2012-12-13 12:51:32 PM  
Let's see... If a girl goes into a bar, is overserved to the point she blacks out, and wakes up to discover she was gangbanged by the patrons, she has a strong criminal case. But a guy goes to a bar, is overserved to the point he blacks out, and wakes up to discover he's been financially gangbanged by the bar - and he's expected to just live with the shame and damage.

It's sexist!!!

/only partly kidding.
 
2012-12-13 12:51:53 PM  

The Stealth Hippopotamus: He said he had a huge gap in his memory and woke up the next day in Delaware after being driven home by a club employee

He got done over so hard that the employees decide to drive you home.... damn....


[img442.imageshack.us image 300x400]


His house has already been burglarized.
 
2012-12-13 12:52:32 PM  
i877.photobucket.com

WTF Subbsey?
 
2012-12-13 12:52:50 PM  

LaraAmber: Okay, leaving aside the idiot with the charge card for a second.

Honest girl question to the guys about the pictures. What is with men and lusting after women who can get into extreme poses? Do you have any proof that this makes sex better when she has one foot touching a ceiling fixture and the other perched on the top of the back of the chair? Do you think she could actually hold that pose while you are farking her? Is it just a recognition that she probably has some serious body strength? (So why not getting turned on by the body building chicks?)


The one with the young lady bent the wrong way is a little unsettling. As for limber poses the idea of the new and exotic have an appeal. Just like a new outfit, toy or scenario
 
2012-12-13 12:53:04 PM  

DammitIForgotMyLogin: I wonder if that legal principle could carry over to any other aspects of the law.


Theaetetus: Lucy v. Zehmer says your statement is naive and incorrect and that you need to ask for your law school tuition back. Try telling them you were drunk when you enrolled.


That isn't what Lucy v. Zehmer says. That case is in law school text to illustrate the fact that the intent to contract is based upon an objective test. That is, if a reasonable person observing your behavior would assume that you intended to enter into a contract, then you will be held to have the requisite intent even if you subjectively did not intend to enter a contract.
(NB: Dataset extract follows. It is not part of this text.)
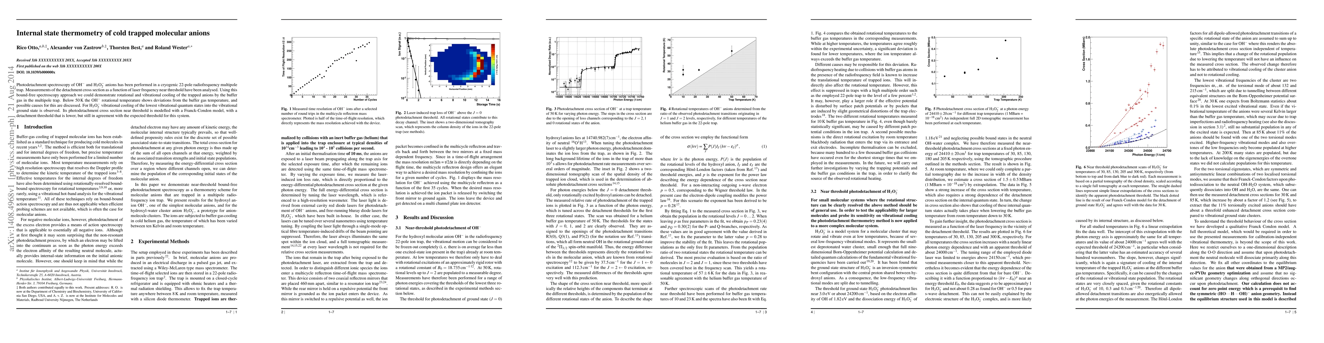 This paper reports on the use of photodetachment spectroscopy to study the internal state thermometry of cold trapped molecular anions, specifically OH- and H3O2-. The study shows rotational and vibrational cooling of the anions in a cryogenic multipole trap, with deviations in OH- rotational temperature below 50 K and vibrational cooling in H3O2- into its ground state.

In simpler terms, Lucy v. Zehmer means you can't sign a contract while appearing to be serious, then later get out of it by saying 'Heh, I was only joking,' even if you really were only joking. It's your outward conduct that matters, not your internal thoughts.

Lucy v. Zehmer would have little application here, because this isn't a case about whether the person had a subjective or objective intent to contract. It would be about whether or not he had the capacity to contract at the time of the agreement. Given the facts described, that case will turn largely on whether or not voluntary intoxication is a valid defense in civil cases in this jurisdiction. Lets look at that, shall we?

The Restatement (2d) of Contracts § 16. Intoxicated Persons
A person incurs only voidable contractual duties by entering into a transaction if the other party has reason to know that by reason of intoxication

(a) he is unable to understand in a reasonable manner the nature and consequences of the transaction, or
(b) he is unable to act in a reasonable manner in relation to the transaction.


If what this person alleges is true, and it took place in a jurisdiction that follows the Restatement rule, he would not be liable.

So yes, there's at least one person in this thread that needs to take a remedial contracts class. But I don't think it's the person you were talking to.
 
2012-12-13 12:53:58 PM  
Judge is wrong. Any bar will tell you they have to remove over-served people (and shouldn't over-serve to begin with..

/"I didn't want to be drunk in public, I was drunk in a bar and they threw me out"
 
2012-12-13 12:57:17 PM  
The only time I have ever had a credit card lifted and actually used was after going to the Gold Club in Atlanta back in the late '90s when I was working an IT gig there. They had bought gas and used it at a mall. Thankfully I got it all back.